> PROBLEM
What I need is an exact repeat of the lines from the one with "6. Šeit Jūs" through the end of the listing below. Leave out every picture.

> SUPPLIED MATERIAL
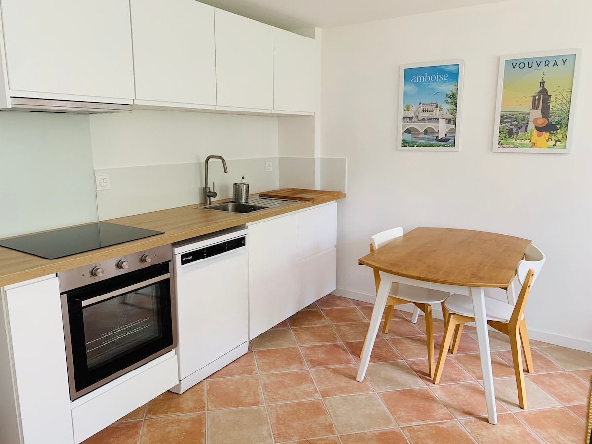 Kuća od 30 m² koja se nalazi u Vouvrayu, u blizini Toursa. The House is close to the Châteaux de la Loire: Amboise, Chinon, Villandry... Namještena i opremljena kuća koja se sastoji od dnevnog boravka sa kuhinjom. Kupatilo (kada) sa WC šoljom + mašina za pranje veša. Na spratu: 1 spavaća soba (krevet 140), Ormar/ormar i 1 kancelarijski prostor. Sadržaji u sklopu objekta: Krevet za bebe + stolica za hranjenje. Wi-Fi je uključen. 1 privatno parking mjesto.
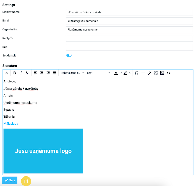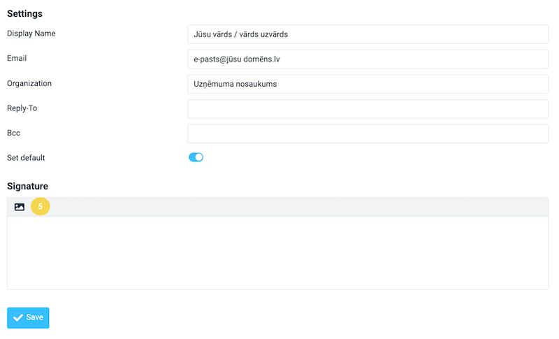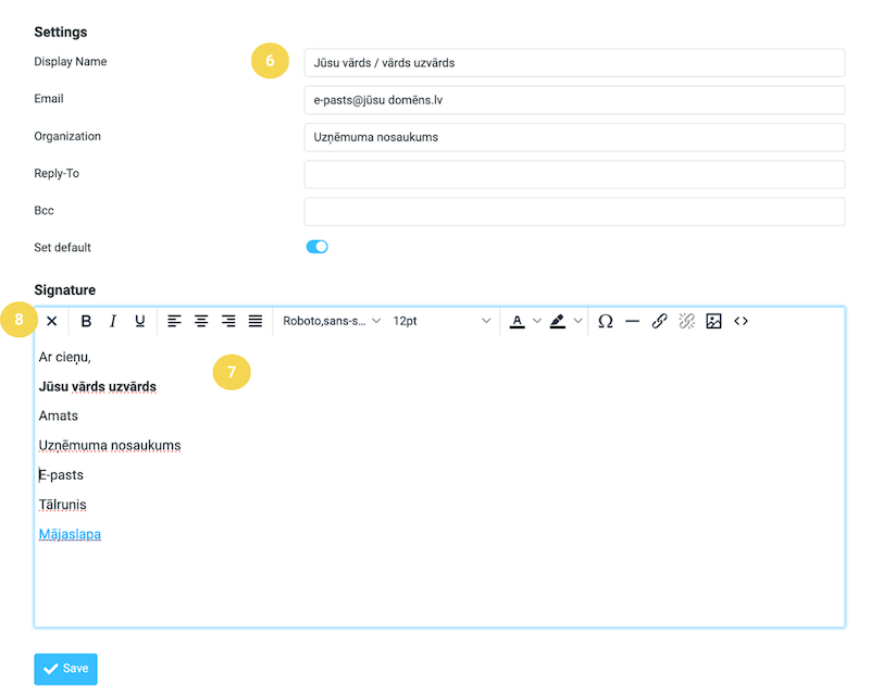 6. Šeit Jūs varat koriģēt savu vārdu, uzvārdu uzņēmuma nosaukumu u.c. šajos laukos varat ierakstīt informāciju, kuru vēlaties atspoguļot, kad e-pastu saņems persona, kurai to nosūtāt.
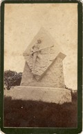 Gettysburg 1st Mass Monument Image - Gettysburg Pa Battlefield Monument image of the the 1st Massachusetts. The size is 5 1/4" wide by 8 1/2", reverse blank and same color as border. Overall good showing honest age & border wear. - Price is $ 85.00 plus shipping and insurance. Item - I-13-2970
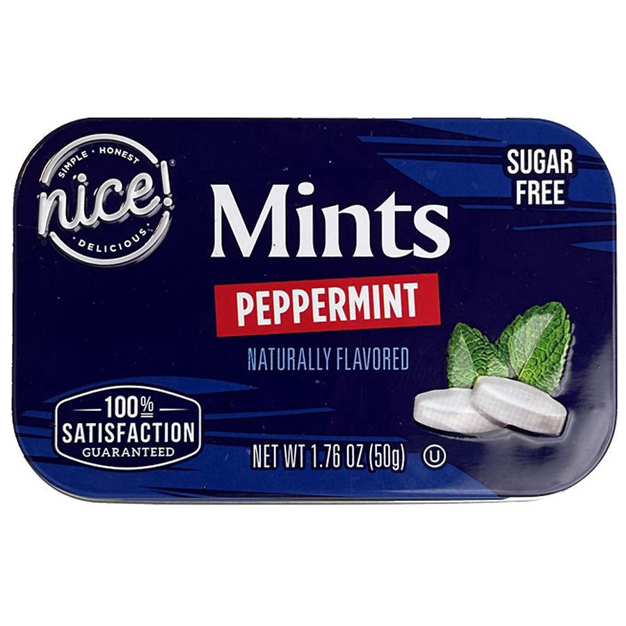 Nice! Mints are an intense sugar free peppermint made with natural peppermint oil and no artificial colors or flavors. Available in convenient and fully recyclable 50 g tins. Made in Canada

> RESULT OF THE EXERCISE
 6. Šeit Jūs varat koriģēt savu vārdu, uzvārdu uzņēmuma nosaukumu u.c. šajos laukos varat ierakstīt informāciju, kuru vēlaties atspoguļot, kad e-pastu saņems persona, kurai to nosūtāt.
 Gettysburg 1st Mass Monument Image - Gettysburg Pa Battlefield Monument image of the the 1st Massachusetts. The size is 5 1/4" wide by 8 1/2", reverse blank and same color as border. Overall good showing honest age & border wear. - Price is $ 85.00 plus shipping and insurance. Item - I-13-2970
 Nice! Mints are an intense sugar free peppermint made with natural peppermint oil and no artificial colors or flavors. Available in convenient and fully recyclable 50 g tins. Made in Canada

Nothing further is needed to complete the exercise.